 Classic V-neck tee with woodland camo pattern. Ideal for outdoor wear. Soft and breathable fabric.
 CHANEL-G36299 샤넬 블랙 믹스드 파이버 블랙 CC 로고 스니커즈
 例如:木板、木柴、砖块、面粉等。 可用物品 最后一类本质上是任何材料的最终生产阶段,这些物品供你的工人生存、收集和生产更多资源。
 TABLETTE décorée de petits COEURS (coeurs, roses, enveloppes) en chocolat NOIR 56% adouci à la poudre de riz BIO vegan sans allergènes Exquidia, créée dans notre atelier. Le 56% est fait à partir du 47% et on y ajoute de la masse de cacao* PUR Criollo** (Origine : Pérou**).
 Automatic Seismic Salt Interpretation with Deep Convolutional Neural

•••••

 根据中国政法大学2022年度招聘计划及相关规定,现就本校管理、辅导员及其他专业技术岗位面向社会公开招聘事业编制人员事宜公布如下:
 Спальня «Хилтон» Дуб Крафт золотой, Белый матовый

•••••

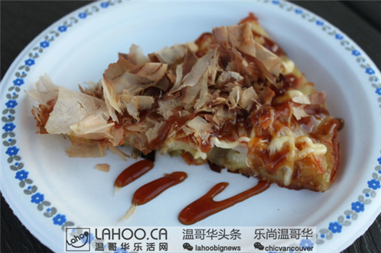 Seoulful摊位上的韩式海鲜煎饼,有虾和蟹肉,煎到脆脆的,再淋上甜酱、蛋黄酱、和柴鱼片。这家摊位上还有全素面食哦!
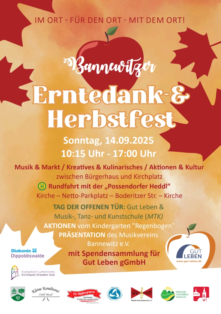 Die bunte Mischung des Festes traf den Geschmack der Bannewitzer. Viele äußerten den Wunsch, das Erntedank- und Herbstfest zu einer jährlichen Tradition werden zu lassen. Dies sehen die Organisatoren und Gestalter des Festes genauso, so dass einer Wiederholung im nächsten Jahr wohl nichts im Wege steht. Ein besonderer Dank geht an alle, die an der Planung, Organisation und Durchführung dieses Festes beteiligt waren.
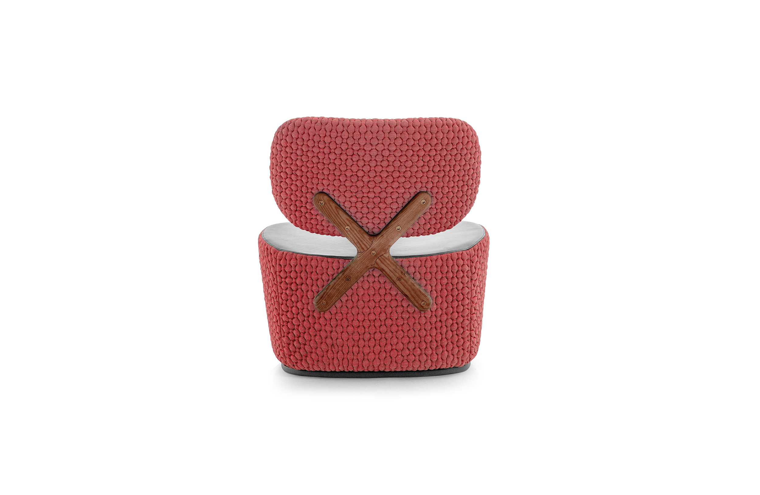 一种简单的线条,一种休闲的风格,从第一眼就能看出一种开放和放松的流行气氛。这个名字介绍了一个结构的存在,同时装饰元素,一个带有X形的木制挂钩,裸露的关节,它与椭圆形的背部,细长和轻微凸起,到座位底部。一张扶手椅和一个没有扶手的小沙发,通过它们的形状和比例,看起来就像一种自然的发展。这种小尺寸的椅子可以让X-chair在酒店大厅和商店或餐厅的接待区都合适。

•••••

▶ _ASSIGNED TASK_: Restate word for word only the lines above from the line containing "Classic V-neck tee" to the line containing "Automatic Seismic Salt", both of them included.

▶ _RESPONSE_:
 Classic V-neck tee with woodland camo pattern. Ideal for outdoor wear. Soft and breathable fabric.
 CHANEL-G36299 샤넬 블랙 믹스드 파이버 블랙 CC 로고 스니커즈
 例如:木板、木柴、砖块、面粉等。 可用物品 最后一类本质上是任何材料的最终生产阶段,这些物品供你的工人生存、收集和生产更多资源。
 TABLETTE décorée de petits COEURS (coeurs, roses, enveloppes) en chocolat NOIR 56% adouci à la poudre de riz BIO vegan sans allergènes Exquidia, créée dans notre atelier. Le 56% est fait à partir du 47% et on y ajoute de la masse de cacao* PUR Criollo** (Origine : Pérou**).
 Automatic Seismic Salt Interpretation with Deep Convolutional Neural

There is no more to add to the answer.